Looks like it's basically TMG + macro ferts...doesn't look like you'll have to dose anything else.

Interesting, considering the fact that the P and Fe don't precipitate each other out.


----------



## bsmith (Dec 13, 2006)

Thats why I was so happy when I got it from Martin. No more dry dosing (for the most part).



epicfish said:


> TNP+:
> W/W% (Gew./Gew.%, P/P%):
> N 1.34%, P 0.10%, K 1.03%, Mg 0,39%, S 0.91%, B 0.004%,
> Cu 0.006%, Fe 0.07%, Mn 0.04%, Mo 0.002%, Zn 0.002%.
> ...


----------



## Indignation (Mar 9, 2008)

epicfish said:


> TNP+:
> W/W% (Gew./Gew.%, P/P%):
> N 1.34%, P 0.10%, K 1.03%, Mg 0,39%, S 0.91%, B 0.004%,
> Cu 0.006%, Fe 0.07%, Mn 0.04%, Mo 0.002%, Zn 0.002%.
> ...


I read somewhere it was possible due to the form of iron Tropica uses, it doesn't precipitate out like most forms of iron chelates do.

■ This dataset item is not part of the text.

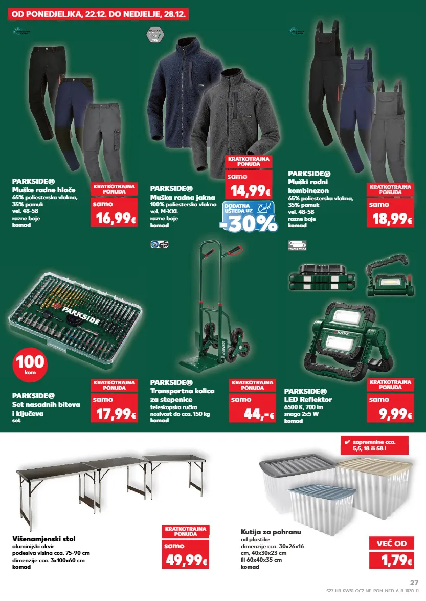 od ponedjeljka, 22.12. do nedjelje, 28.12. parkside® muške radne hlače 65% poliesterska vlakna, 35% pamuk vel. 48-58 razne boje komad parkside® muški radni kombinezon 65% poliesterska vlakna, 35% pamuk vel. 48-58 razne boje komad kratkotrajna ponuda kratkotrajna ponuda samo samo kratkotrajna ponuda super cijena kratkotrajna super cijena kratkotrajna ponuda super cijena onuda 16,99 € 18,99 € parkside@ set nasadnih bitova i ključeva set kratkotrajna ponuda samo 17,99 € višenamjenski stol aluminijski okvir podesiva visina cca. 75-90 cm dimenzije cca. 3x100x60 cm komad kratkotrajna ponuda samo 49,99 € kutija za pohranu od plastike dimenzije cca. 30x26x16 cm, 40x30x23 cm ili 60x40x35 cm komad parkside® transportna kolica za stepenice teleskopska ručka nosivost do cca. 150 kg komad kratkotrajna ponuda samo 44,- € parkside® led reflektor 6500 k, 700 lm snaga 2x5 w komad kratkotrajna ponuda samo 9,99 € 100 kom dodatna ušteda uz parkside® muška radna jakna 100% poliesterska vlakna vel. m-xxl razne boje komad kratkotrajna ponuda samo 14,99 € sa 14,99 samo 14,99 samo 14,99 samo 14,99 samo samo € - - 30% 30% ✓ zapremnine cca. 5,5, 18 ili 58 l već od 1,79 € s27-hr-kw51-oc2-nf_pon_ned_6_r-1030-11 27

Regarding the original post, I can't imagine it being bad stuff, I use the plain TPN and its amazing. Works very well for me.


----------



## bsmith (Dec 13, 2006)

I Hhave been using TPN for a couple of years now and have had no problems. When I saw TPN+ on Tropicas website about a year abo I thought that it would be the end all to dosing my nano, then I found out it was not available in the US. I was fortunate enough to be contacted by a rep from the company about swapping some plants for it!!



Indignation said:


> I read somewhere it was possible due to the form of iron Tropica uses, it doesn't precipitate out like most forms of iron chelates do.
> 
> Regarding the original post, I can't imagine it being bad stuff, I use the plain TPN and its amazing. Works very well for me.


----------



## daryn (Jul 25, 2008)

I made a all in one fertiliser using the usefull information on a site called James Planted Tank, i used the ingredients based on his PMDD+PO4 formula.

10g potassium nitrate
1g potassium phosphate (monobasic)
4g potassium sulphate
8g magnesium sulphate heptahydrate (epsom salts)
6g aqua essentials trace elements mix (UK based site)
0.5g E300 ascorbic acid
0.2g E202 potassium sorbate
500ml distilled water

He came up with these amounts for ease of dosing his 200L tank so 25ml per dose, he says with these ingredients dosing is 5ml per 40L and each 5ml adds:

1.5 ppm nitrate
0.15 ppm phosphate 
1.5 ppm potassium
0.2 ppm magnesium

I would recommend looking up his site as it explains it in full detail along with loads of other really cool stuff, he is also a member of the website UKAPS and there are a few threads on this subject on there.


----------



## bsmith (Dec 13, 2006)

Very nice. Im sure it would be allot cheaper then using TPN.



daryn said:


> I made a all in one fertiliser using the usefull information on a site called James Planted Tank, i used the ingredients based on his PMDD+PO4 formula.
> 
> 10g potassium nitrate
> 1g potassium phosphate (monobasic)
> ...


----------